West Antarctica’s Thwaites Glacier, commonly known as the “Doomsday Glacier” because of the potentially catastrophic effects it has been hypothesized, could collapse, scientists say, according to new research published Monday. It began to recede rapidly and earlier than I had previously known.
new studyA paper published in the Proceedings of the National Academy of Sciences used new satellite technology to conclude that rapid melting of the glaciers likely began in the 1940s.
Scientists had already observed accelerating glacier retreat by the 1970s, but they weren’t sure when it started.
Combined with Thwaites’ previous research on the adjacent Pine Island Glacier, this study also provides potentially alarming new insights into the causes of glacier melt.
Scientists have attempted to reconstruct the history of the glaciers using analysis of oceanic sedimentary records, showing that Thwaites Glacier and Pine Island Glacier both lost contact with the ocean floor at about the same time in the 1940s. discovered.
Scientists found that these significant changes occurred against the backdrop of a large-scale El Niño event, indicating that the glaciers were “responsing to the same driving forces.”
“The synchronous ice retreat of these two major ice streams indicates that the retreat in the drainage sector of the Amundsen Sea is not caused by internal dynamics specific to each glacier, but rather due to external oceanographic and atmospheric factors. Recent modeling studies show that these are regulated by climate variability,” the study reads.
Scientists say the continued retreat of glaciers shows how difficult it is to reverse some of the effects of naturally occurring weather events, and is expected to be made even more difficult by human activities. It is said that it has become.

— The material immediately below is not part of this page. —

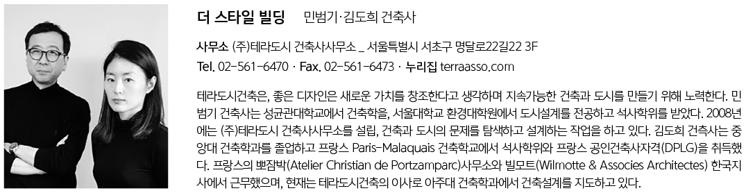 | 더 스타일 빌딩 설계자 | 민범기 · 김도희 _ (주)테라도시 건축사사무소 건축주 | 비공개 감리자 | (주)테라도시 건축사사무소 시공사 | 예미종합건설(주) 설계팀 | 고서경, 임수연 설계의도 구현 | (주)테라도시 건축사사무소 대지위치 | 서울특별시 서초구 서초대로51길11 주요용도 | 업무시설, 근린생활시설 대지면적 | 275.30㎡ 건축면적 | 153.01㎡ 연면적 | 1,644.87㎡ 건폐율 | 55.58% 용적률 | 499.66% 규모 | B2F - 11F 구조 | 철근콘크리트구조 + 라멘구조 외부마감재 | THK30오만석, THK24로이복층유리, 알루미늄패널, 징크패널 내부마감재 | 자기질타일, 화강석, 수성페인트 설계기간 | 2019. 04 – 2019. 12 공사기간 | 2020. 01 – 2021. 05 사진 | 이병근 구조분야 | 아림구조엔지니어링 기계설비분야 | 영동설비기술사사무소 전기분야 | 원이엔씨 소방분야 | 영동설비기술사사무소, 원이엔씨 |
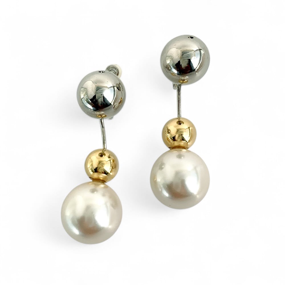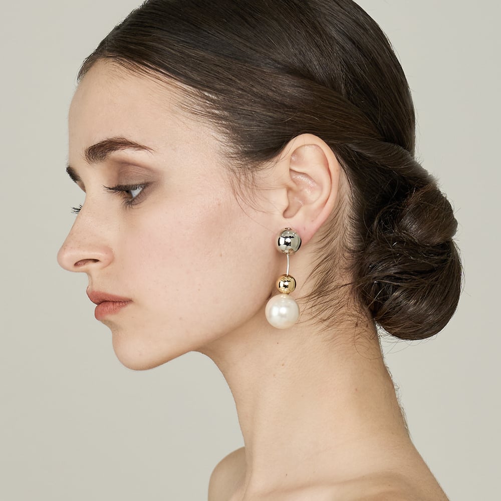メタリックボールの質感が際立つモダンなデザインのGeometricイヤリング&ピアス。大粒パールとのコンビネーションが、シンプルでありながら洗練された印象を与えます。日常使いはもちろん、少し華やかなシーンでもお洒落に演出できるアイテムです。 素材:GOは真鍮にゴールドカラープレート、SIはロジウムカラープレート、プラスチックパール

“The continued retreat of ice streams such as Thwaites Glacier and Pine Island Glacier since then indicates that the glaciers were unable to recover after the exceptionally large El Niño event of the 1940s,” says Science. they wrote.
“This may reflect the increasing dominance of anthropogenic forcings since then, including local atmospheric and oceanic circulation changes as well as large-scale This suggests that scale changes were involved.”